BSS
  10 Sep 2022, 20:48

Scientists discover how air pollution triggers lung cancer

   PARIS, Sept 10, 2022 (BSS/AFP) - Scientists said Saturday they had 
identified the mechanism through which air pollution triggers lung cancer in 
non-smokers, a discovery one expert hailed as "an important step for science 
-- and for society".

  The research illustrated the health risk posed by the tiny particles 
produced by burning fossil fuels, sparking fresh calls for more urgent action 
to combat climate change.

  It could also pave the way for a new field of cancer prevention, according 
to Charles Swanton of the UK's Francis Crick Institute.

  Swanton presented the research, which has not yet been published in a peer-
reviewed journal, at the European Society for Medical Oncology's annual 
conference in Paris.

  Air pollution has long been thought to be linked to a higher risk of lung 
cancer in people who have never smoked.

  "But we didn't really know whether pollution was directly causing lung 
cancer -- or how," Swanton told AFP.

  Traditionally it has been thought that exposure to carcinogens, such as 
those in cigarette smoke or pollution, causes DNA mutations that then become 
cancer.

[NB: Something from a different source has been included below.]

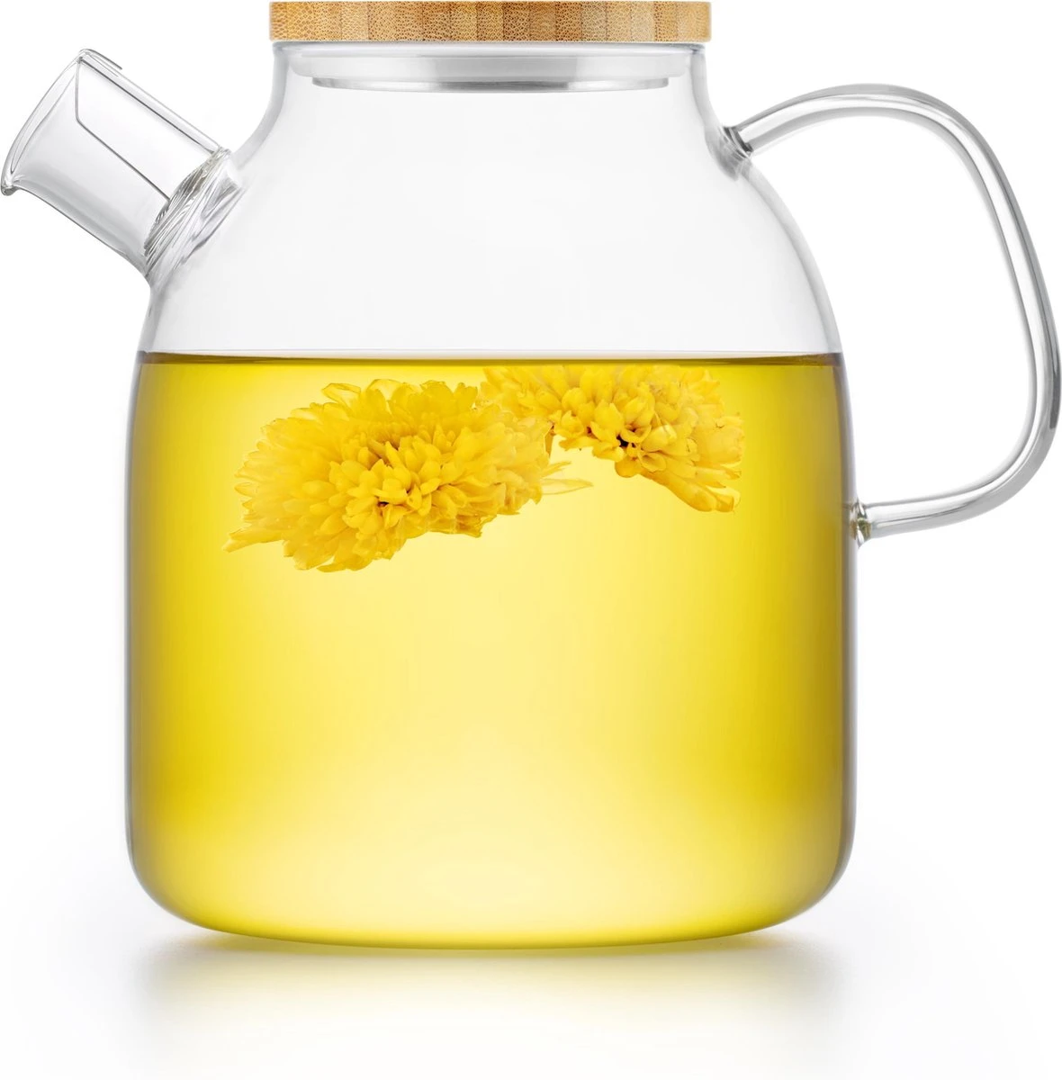 Strak vormgegeven mooie hoge theepot van Samadoyo met een inhoud van 1600 ml. De pot heeft een bamboe deksel met een spiraalvormige filter in de schenktuit. Het borosilicaat glas is krasvast, hitte en koude bestending en ijzersterk. Met deze moderne theepot zet u op stijlvolle wijze een heerlijke thee.

But there was an "inconvenient truth" with this model, Swanton said: 
previous research has shown that the DNA mutations can be present without 
causing cancer -- and that most environmental carcinogens do not cause the 
mutations.

  His study proposes a different model.

  - A future cancer pill? -

  The research team from the Francis Crick Institute and University College 
London analysed the health data of more than 460,000 people in England, South 
Korea and Taiwan.

  They found that exposure to tiny PM2.5 pollution particles -- which are 
less than 2.5 microns across -- led to an increased risk of mutations in the 
EGFR gene.

  In laboratory studies on mice, the team showed that the particles caused 
changes in the EGFR gene as well as in the KRAS gene, both of which have been 
linked to lung cancer.

  Finally, they analysed nearly 250 samples of human lung tissue never 
exposed to carcinogens from smoking or heavy pollution.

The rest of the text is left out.